The Fall of Protestant Ascendancy

Georgetown Set: Friends and Rivals in Cold War Washington, by Gregg Herken, is about the social and political elites who crafted U.S. foreign policy in the Cold War over their dinner parties and cocktails in the historic, tony neighborhood of Washington, D.C. But it’s also, if unconsciously, about the apex and decline of America’s WASP aristocracy, whose wisdom laid the groundwork for survival and victory against the Soviet Union. The story concludes with by then aging columnist Joseph Alsop resignedly admitting that the class that his own New England family embodied had become irrelevant.
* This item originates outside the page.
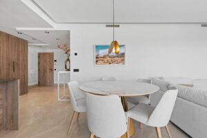 The open-plan living and dining areas flow seamlessly onto the terrace, enhancing the indoor-outdoor lifestyle that defines living on the Costa del Sol. The three well-appointed bedrooms offer comfort and privacy, while the two modern bathrooms are finished to a high standard.

Alsop, whose famed dinner parties for Washington policy makers were center stage for Cold War social and political life, is Georgetown Set’s central character. A grand nephew to Teddy Roosevelt and cousin to First Lady Eleanor, Alsop authored for decades a nationally syndicated column focused on foreign policy that was robustly anti-Communist and often apocalyptic in its pessimism about American survival. His dinner parties, always begun with terrapin soup, often erupted into shouting matches over U.S. policies, with Alsop denouncing any hint of softness towards the Soviets. Apology notes were typically exchanged the next day, and the cycle of dining and dispute among the Georgetown Set would resume.